EXERCISE:
Reproduce word for word the lines of the listing from the first one through the one with "Smycze amortyzowane są", omitting every picture.

PROVIDED RECORDS:
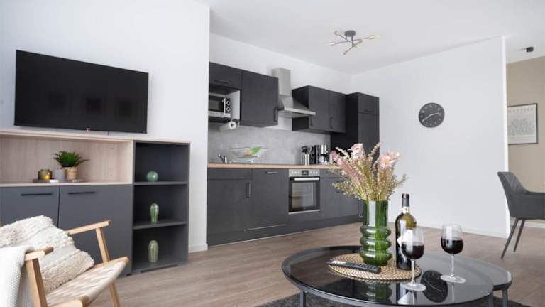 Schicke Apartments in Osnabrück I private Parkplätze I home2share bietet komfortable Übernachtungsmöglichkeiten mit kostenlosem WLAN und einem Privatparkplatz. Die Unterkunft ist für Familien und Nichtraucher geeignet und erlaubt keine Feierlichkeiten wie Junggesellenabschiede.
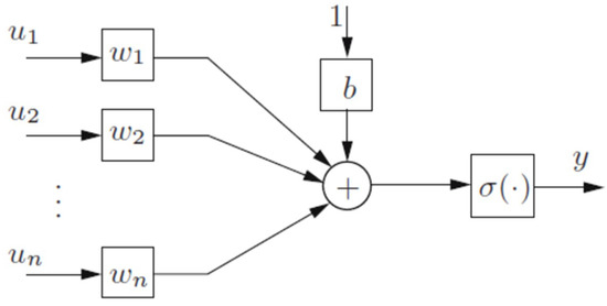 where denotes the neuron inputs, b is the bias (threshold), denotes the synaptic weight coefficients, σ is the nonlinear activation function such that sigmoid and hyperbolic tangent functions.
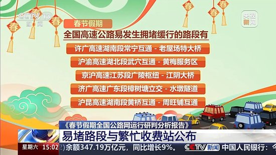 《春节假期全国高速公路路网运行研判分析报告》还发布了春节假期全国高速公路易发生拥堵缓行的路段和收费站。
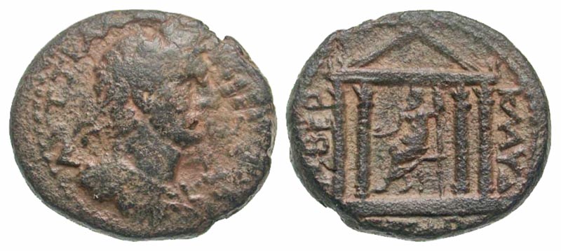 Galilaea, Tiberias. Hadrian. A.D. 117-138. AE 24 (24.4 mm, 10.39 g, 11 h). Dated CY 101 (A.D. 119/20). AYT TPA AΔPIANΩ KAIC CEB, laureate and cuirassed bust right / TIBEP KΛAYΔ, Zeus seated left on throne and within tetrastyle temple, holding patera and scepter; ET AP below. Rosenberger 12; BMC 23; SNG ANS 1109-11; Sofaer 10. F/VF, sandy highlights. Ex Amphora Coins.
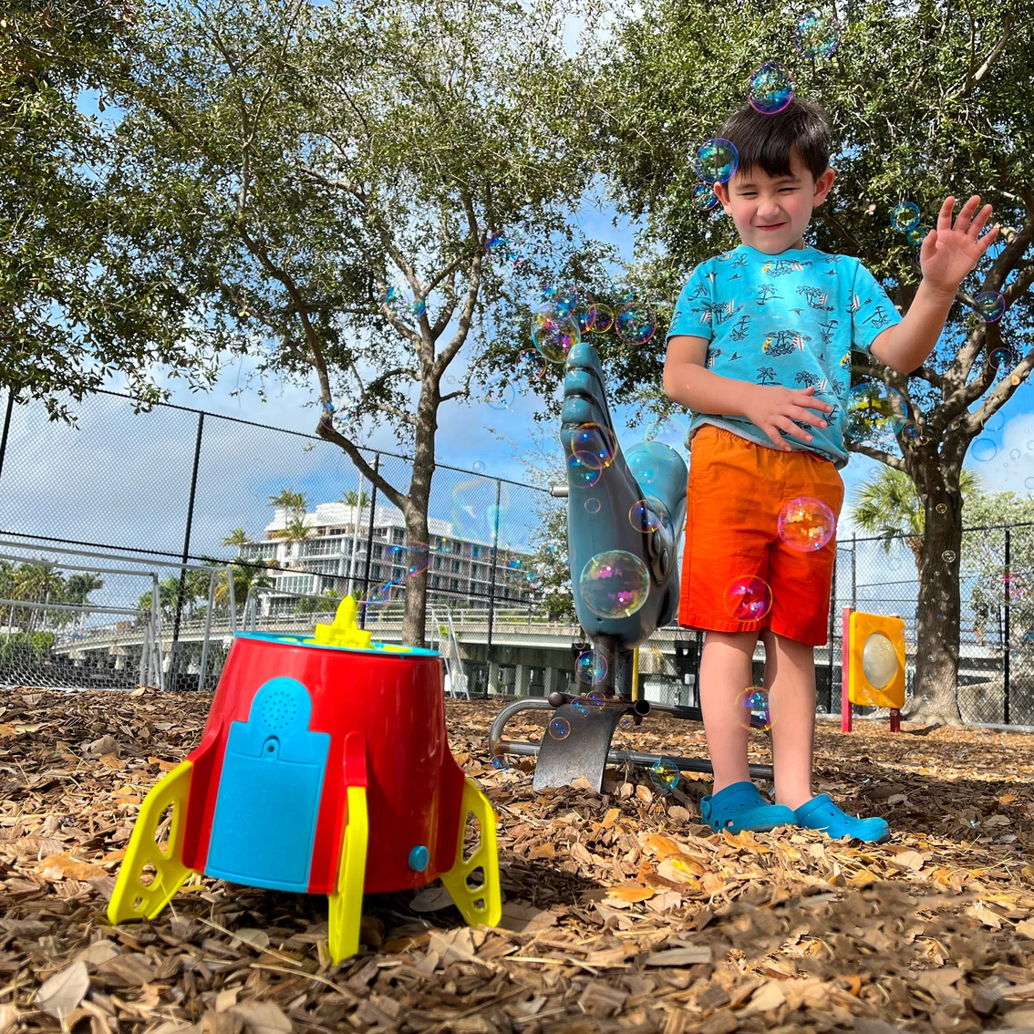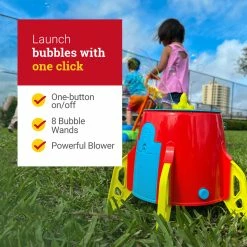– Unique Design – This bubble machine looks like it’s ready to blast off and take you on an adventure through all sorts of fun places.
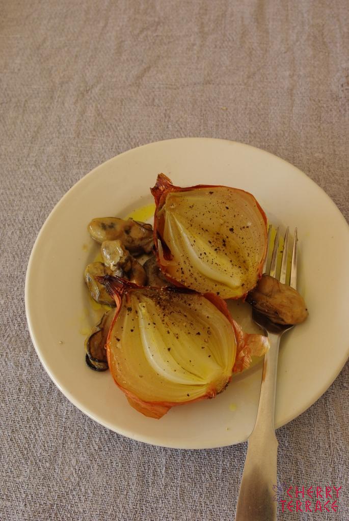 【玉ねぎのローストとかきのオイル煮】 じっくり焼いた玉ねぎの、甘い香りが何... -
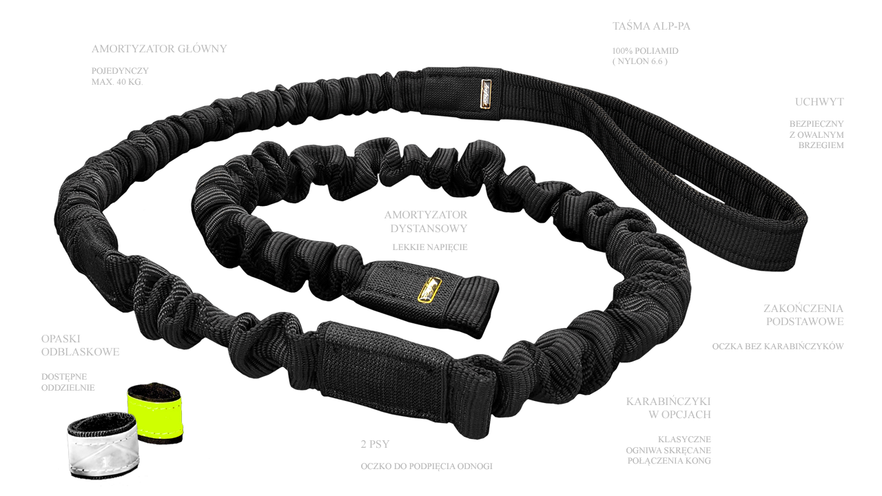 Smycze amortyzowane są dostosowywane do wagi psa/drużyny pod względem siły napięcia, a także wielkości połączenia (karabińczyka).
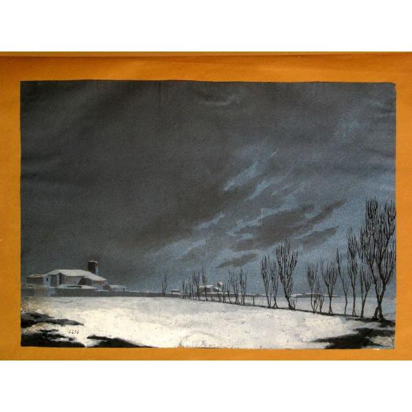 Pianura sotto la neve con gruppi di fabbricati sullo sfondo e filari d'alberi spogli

ANSWER BOX:
 Schicke Apartments in Osnabrück I private Parkplätze I home2share bietet komfortable Übernachtungsmöglichkeiten mit kostenlosem WLAN und einem Privatparkplatz. Die Unterkunft ist für Familien und Nichtraucher geeignet und erlaubt keine Feierlichkeiten wie Junggesellenabschiede.
 where denotes the neuron inputs, b is the bias (threshold), denotes the synaptic weight coefficients, σ is the nonlinear activation function such that sigmoid and hyperbolic tangent functions.
 《春节假期全国高速公路路网运行研判分析报告》还发布了春节假期全国高速公路易发生拥堵缓行的路段和收费站。
 Galilaea, Tiberias. Hadrian. A.D. 117-138. AE 24 (24.4 mm, 10.39 g, 11 h). Dated CY 101 (A.D. 119/20). AYT TPA AΔPIANΩ KAIC CEB, laureate and cuirassed bust right / TIBEP KΛAYΔ, Zeus seated left on throne and within tetrastyle temple, holding patera and scepter; ET AP below. Rosenberger 12; BMC 23; SNG ANS 1109-11; Sofaer 10. F/VF, sandy highlights. Ex Amphora Coins.
– Unique Design – This bubble machine looks like it’s ready to blast off and take you on an adventure through all sorts of fun places.
 【玉ねぎのローストとかきのオイル煮】 じっくり焼いた玉ねぎの、甘い香りが何... -
 Smycze amortyzowane są dostosowywane do wagi psa/drużyny pod względem siły napięcia, a także wielkości połączenia (karabińczyka).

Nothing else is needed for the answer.